▶ _Raw data_
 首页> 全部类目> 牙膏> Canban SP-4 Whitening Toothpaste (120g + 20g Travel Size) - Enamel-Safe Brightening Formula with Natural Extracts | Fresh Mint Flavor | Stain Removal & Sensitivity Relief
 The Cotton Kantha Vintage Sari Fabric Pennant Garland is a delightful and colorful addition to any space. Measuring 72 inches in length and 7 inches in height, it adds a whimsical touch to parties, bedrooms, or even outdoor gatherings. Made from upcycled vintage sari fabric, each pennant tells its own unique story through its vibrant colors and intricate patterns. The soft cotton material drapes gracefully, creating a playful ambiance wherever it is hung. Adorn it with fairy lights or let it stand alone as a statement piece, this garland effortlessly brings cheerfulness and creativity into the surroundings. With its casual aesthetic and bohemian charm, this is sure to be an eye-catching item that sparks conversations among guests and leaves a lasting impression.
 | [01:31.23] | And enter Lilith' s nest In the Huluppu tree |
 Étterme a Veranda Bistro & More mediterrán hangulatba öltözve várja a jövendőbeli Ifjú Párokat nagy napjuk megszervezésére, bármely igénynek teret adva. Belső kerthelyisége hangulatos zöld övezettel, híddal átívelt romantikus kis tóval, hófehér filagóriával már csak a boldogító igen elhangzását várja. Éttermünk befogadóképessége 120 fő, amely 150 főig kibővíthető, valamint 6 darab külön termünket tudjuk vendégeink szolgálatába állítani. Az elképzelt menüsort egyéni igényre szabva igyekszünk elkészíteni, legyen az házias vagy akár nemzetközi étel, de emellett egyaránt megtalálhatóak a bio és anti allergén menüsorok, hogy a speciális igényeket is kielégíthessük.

* * *

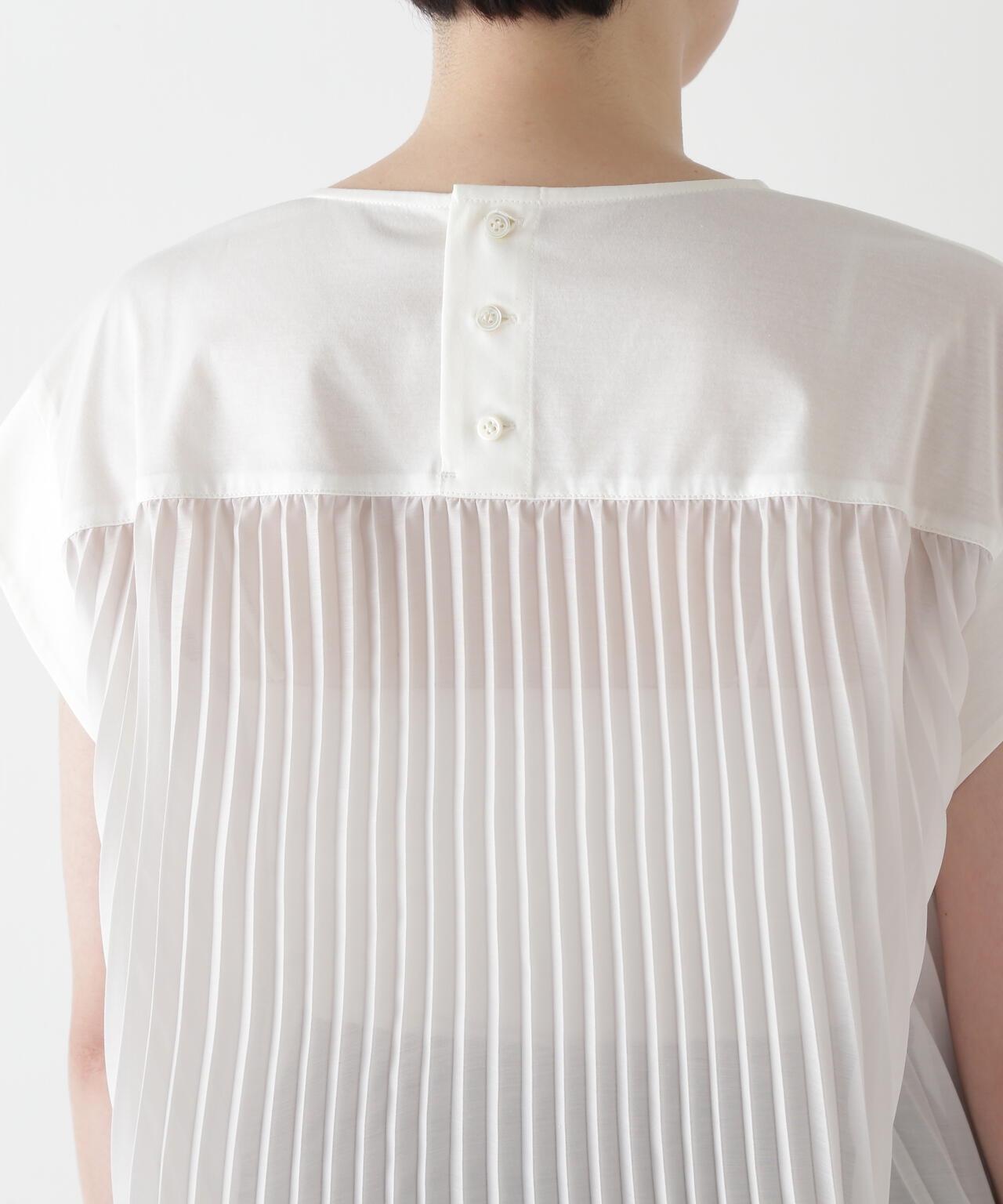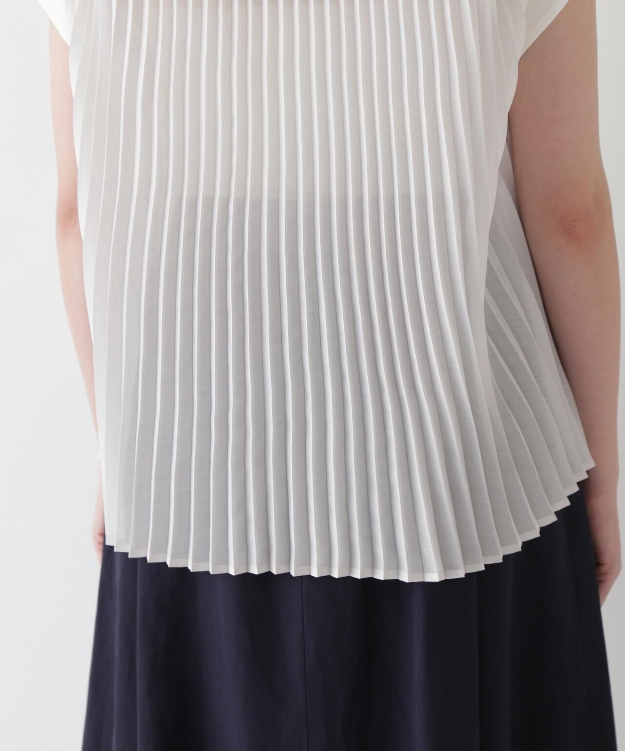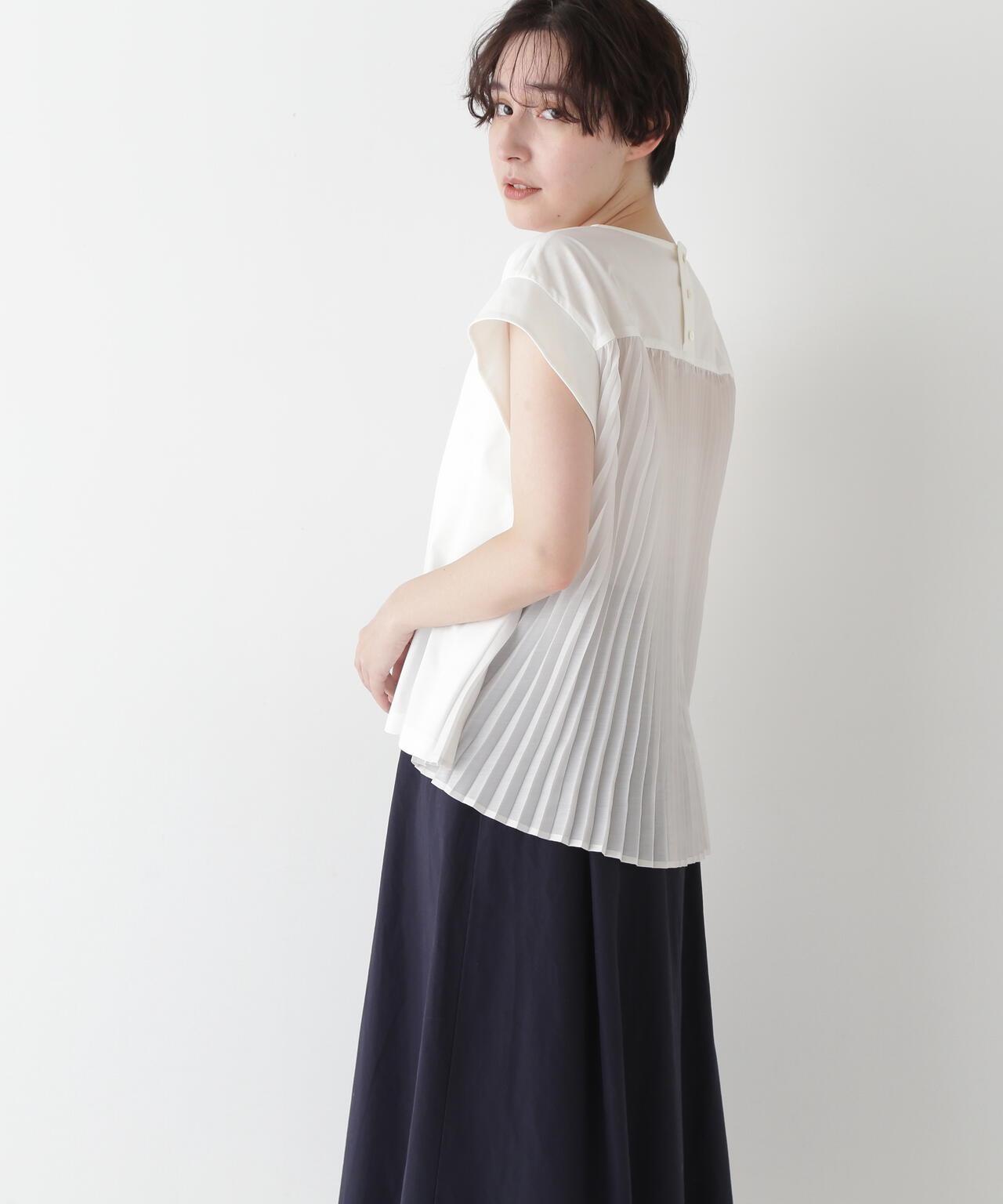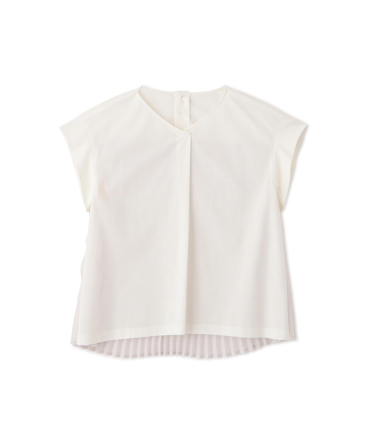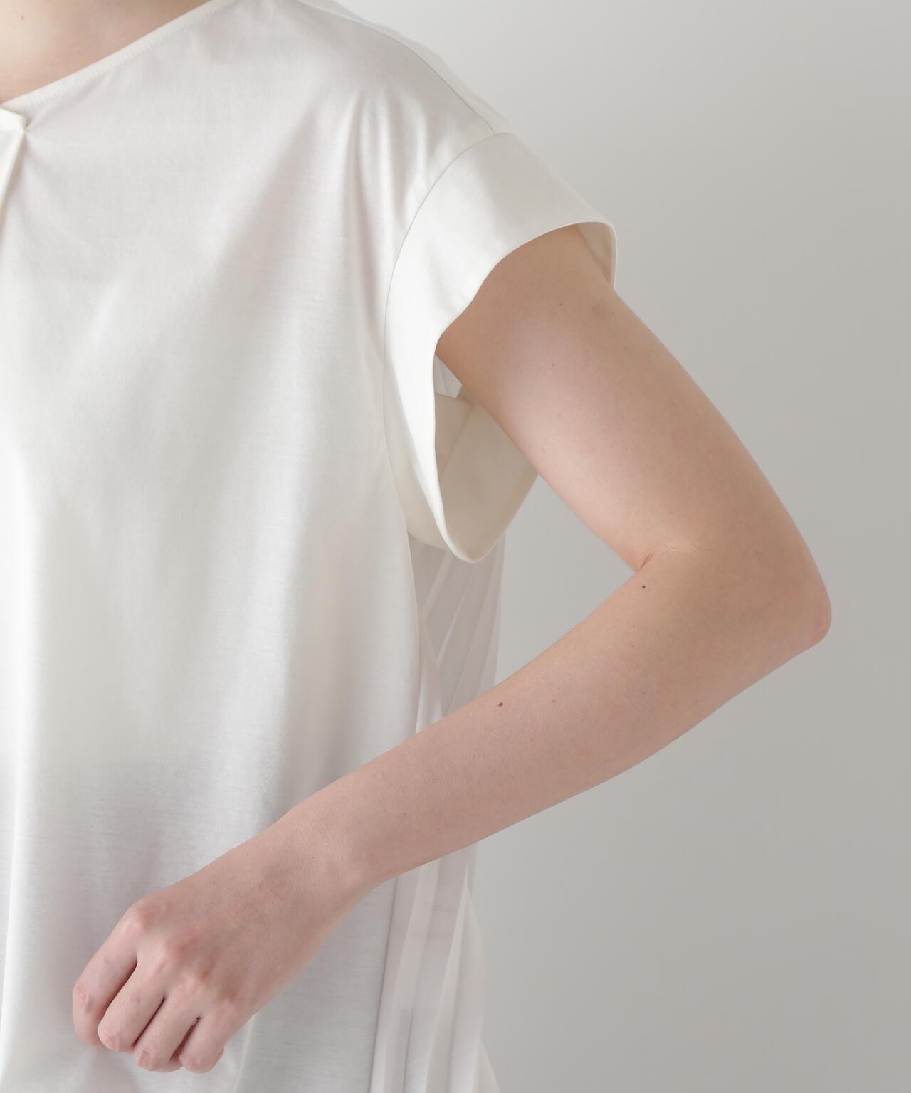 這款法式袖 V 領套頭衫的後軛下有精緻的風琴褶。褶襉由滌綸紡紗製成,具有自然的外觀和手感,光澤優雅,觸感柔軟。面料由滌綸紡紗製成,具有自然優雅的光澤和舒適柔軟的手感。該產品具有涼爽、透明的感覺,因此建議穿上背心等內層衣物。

▶ _Task requirements_
Here the job is to set down exactly the lines of the material above that fall between the one with "Huluppu tree |" and the one with "Étterme a Veranda", inclusive, and nothing beyond them.

▶ _Task answer_
 | [01:31.23] | And enter Lilith' s nest In the Huluppu tree |
 Étterme a Veranda Bistro & More mediterrán hangulatba öltözve várja a jövendőbeli Ifjú Párokat nagy napjuk megszervezésére, bármely igénynek teret adva. Belső kerthelyisége hangulatos zöld övezettel, híddal átívelt romantikus kis tóval, hófehér filagóriával már csak a boldogító igen elhangzását várja. Éttermünk befogadóképessége 120 fő, amely 150 főig kibővíthető, valamint 6 darab külön termünket tudjuk vendégeink szolgálatába állítani. Az elképzelt menüsort egyéni igényre szabva igyekszünk elkészíteni, legyen az házias vagy akár nemzetközi étel, de emellett egyaránt megtalálhatóak a bio és anti allergén menüsorok, hogy a speciális igényeket is kielégíthessük.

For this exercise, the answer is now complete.